SEOUL -- A Hyundai Motor autoparts unit has withdrawn a restructuring plan that would give it effective control of the South Korean conglomerate, the supplier said Monday, after a small group of international investors criticized the terms as skewed toward the founding family.
But Hyundai Mobis canceled the May 29 meeting, saying that executing the plan would be difficult without sufficient trust and support from shareholders. A showdown was looming with a group of investors including U.S. activist fund Elliott Management, led by prominent American investor Paul Singer.
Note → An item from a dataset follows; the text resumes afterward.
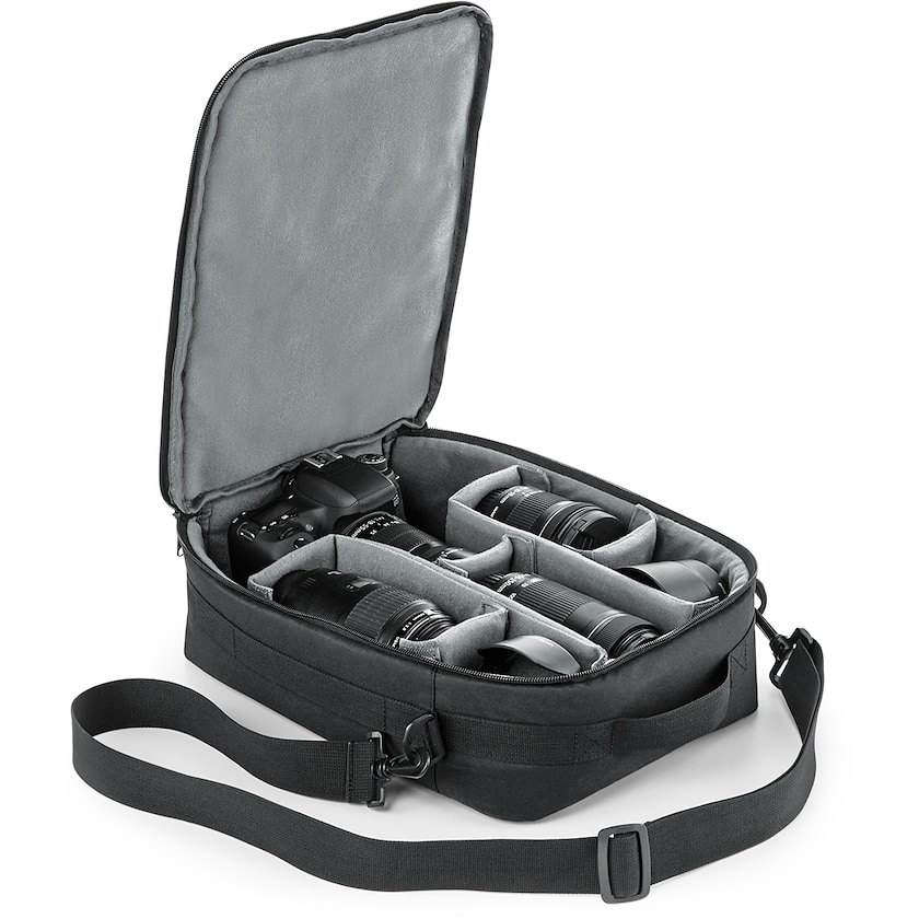 Kameralaukku, joka sisältää useita lokeroita kameralle ja objektiiveille. Lokeroiden kokoa voi muokata tarrakiinnitteisten seinien avulla. Laukku on pehmustettu, joten se suojaa kameran osia kolhuilta. Laukun olkahihna on säädettävä ja irroitettava.

The group said the move was meant to streamline the tangled circular shareholdings within South Korea's second-largest chaebol, or family-owned conglomerate, and improve competitiveness. The group also includes Kia Motors.
The plan drew support from South Korea's Fair Trade Commission, which is pressing these conglomerates to change their opaque, insular ways amid rising political pressure on big business.
But Elliott said the proposed transaction had no clear logic or benefits for minority shareholders. The U.S. fund had proposed its own overhaul of the Hyundai group.
"The unwinding of the current circular shareholding by itself is not enough for the group to declare the restructuring a corporate governance improvement, especially if the transaction is not supported by sound business rationale," Elliott said in a statement last month, when the fund disclosed a more than $1 billion investment in the group.